> [What this task involves] Leave out pictures; repeat exactly the lines from the "属于轮藻纲轮藻目植物。植物体" line through the last of the data below.

(Entries taken from a collection)

----

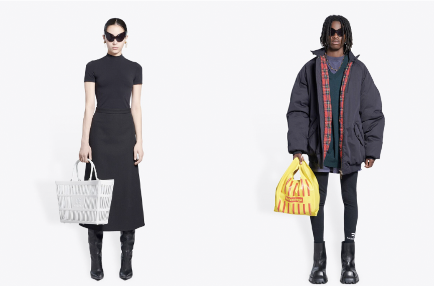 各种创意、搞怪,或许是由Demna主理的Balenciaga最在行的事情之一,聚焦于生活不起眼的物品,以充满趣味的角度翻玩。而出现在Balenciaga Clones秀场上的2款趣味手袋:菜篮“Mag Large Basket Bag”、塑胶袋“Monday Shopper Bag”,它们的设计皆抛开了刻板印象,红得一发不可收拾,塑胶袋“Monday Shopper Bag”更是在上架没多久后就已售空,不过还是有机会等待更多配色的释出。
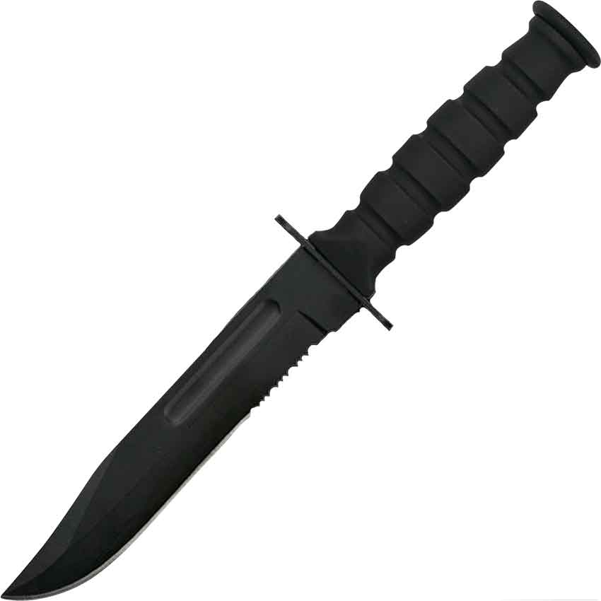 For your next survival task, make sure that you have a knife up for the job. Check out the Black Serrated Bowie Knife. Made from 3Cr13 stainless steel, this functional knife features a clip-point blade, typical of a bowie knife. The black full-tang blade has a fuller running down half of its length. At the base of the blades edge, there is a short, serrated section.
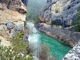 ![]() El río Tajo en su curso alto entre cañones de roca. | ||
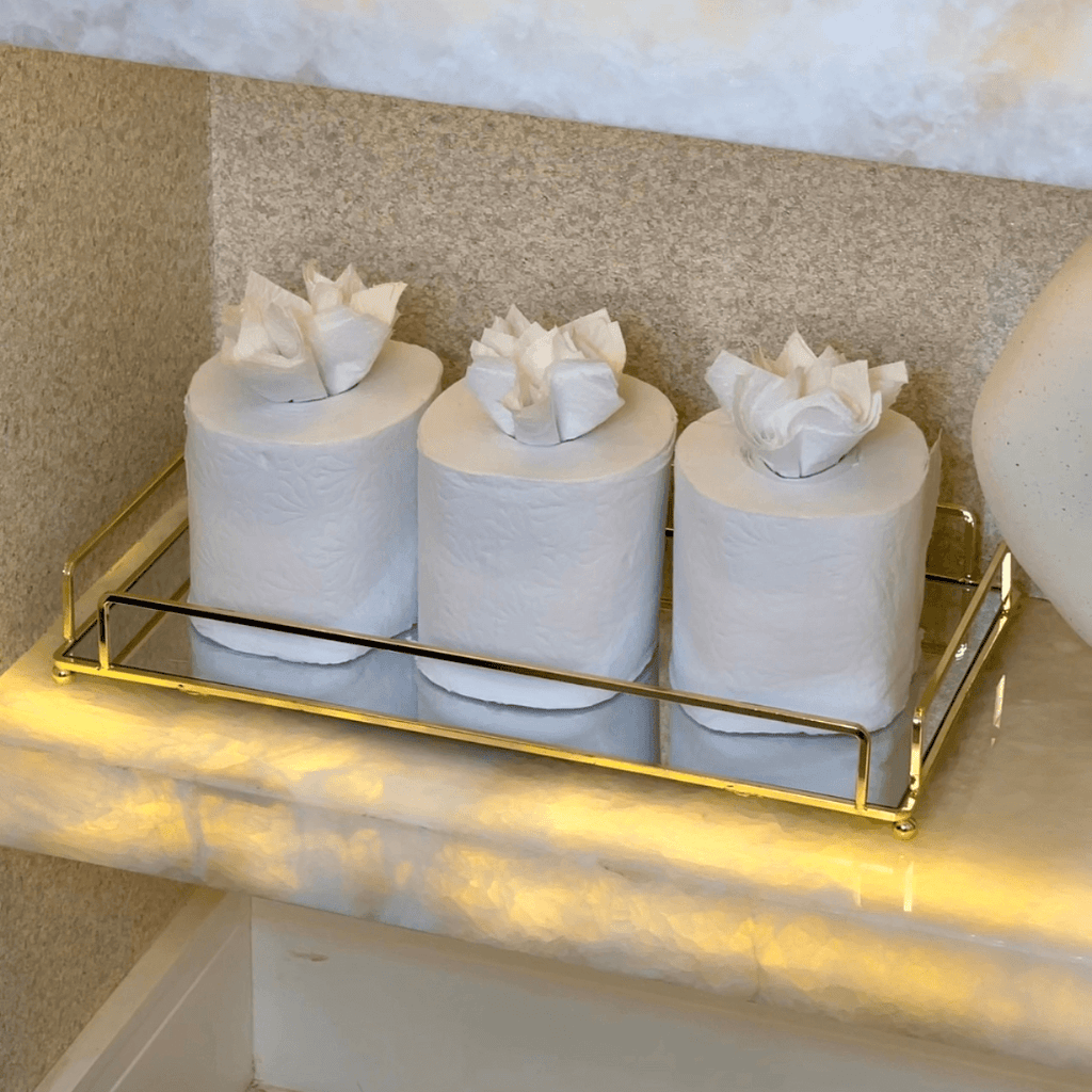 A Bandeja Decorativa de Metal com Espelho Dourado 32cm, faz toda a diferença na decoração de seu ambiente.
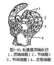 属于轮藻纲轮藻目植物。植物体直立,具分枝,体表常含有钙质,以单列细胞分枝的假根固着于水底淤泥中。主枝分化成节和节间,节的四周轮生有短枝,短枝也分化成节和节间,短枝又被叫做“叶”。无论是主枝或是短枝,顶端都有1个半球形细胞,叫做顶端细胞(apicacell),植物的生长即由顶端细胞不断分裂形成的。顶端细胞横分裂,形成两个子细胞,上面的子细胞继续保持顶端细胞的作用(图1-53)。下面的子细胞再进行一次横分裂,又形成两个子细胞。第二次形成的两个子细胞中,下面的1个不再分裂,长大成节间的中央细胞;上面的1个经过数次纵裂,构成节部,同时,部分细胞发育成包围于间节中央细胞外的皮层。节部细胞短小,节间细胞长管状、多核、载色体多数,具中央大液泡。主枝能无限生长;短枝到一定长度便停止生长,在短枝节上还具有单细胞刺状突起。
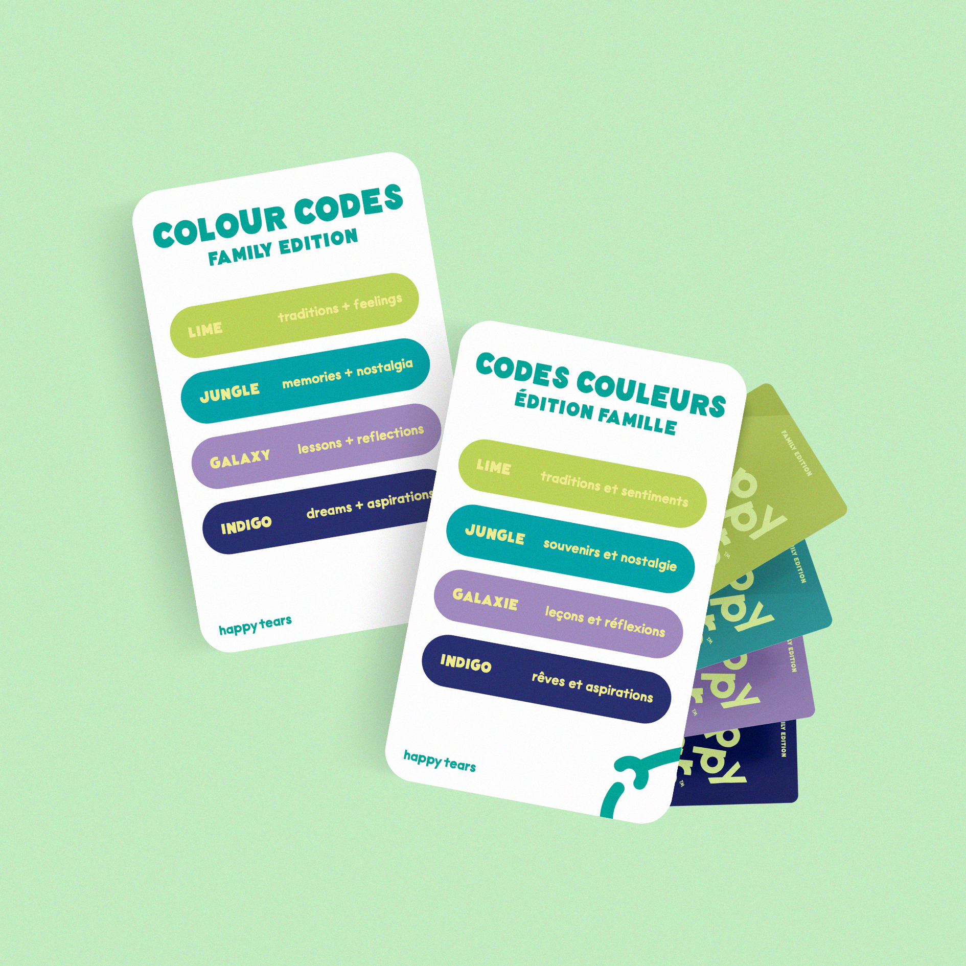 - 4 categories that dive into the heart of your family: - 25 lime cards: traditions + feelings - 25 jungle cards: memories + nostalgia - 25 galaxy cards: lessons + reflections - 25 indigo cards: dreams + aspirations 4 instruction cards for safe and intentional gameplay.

----

> [Response for this exercise]
 属于轮藻纲轮藻目植物。植物体直立,具分枝,体表常含有钙质,以单列细胞分枝的假根固着于水底淤泥中。主枝分化成节和节间,节的四周轮生有短枝,短枝也分化成节和节间,短枝又被叫做“叶”。无论是主枝或是短枝,顶端都有1个半球形细胞,叫做顶端细胞(apicacell),植物的生长即由顶端细胞不断分裂形成的。顶端细胞横分裂,形成两个子细胞,上面的子细胞继续保持顶端细胞的作用(图1-53)。下面的子细胞再进行一次横分裂,又形成两个子细胞。第二次形成的两个子细胞中,下面的1个不再分裂,长大成节间的中央细胞;上面的1个经过数次纵裂,构成节部,同时,部分细胞发育成包围于间节中央细胞外的皮层。节部细胞短小,节间细胞长管状、多核、载色体多数,具中央大液泡。主枝能无限生长;短枝到一定长度便停止生长,在短枝节上还具有单细胞刺状突起。
 - 4 categories that dive into the heart of your family: - 25 lime cards: traditions + feelings - 25 jungle cards: memories + nostalgia - 25 galaxy cards: lessons + reflections - 25 indigo cards: dreams + aspirations 4 instruction cards for safe and intentional gameplay.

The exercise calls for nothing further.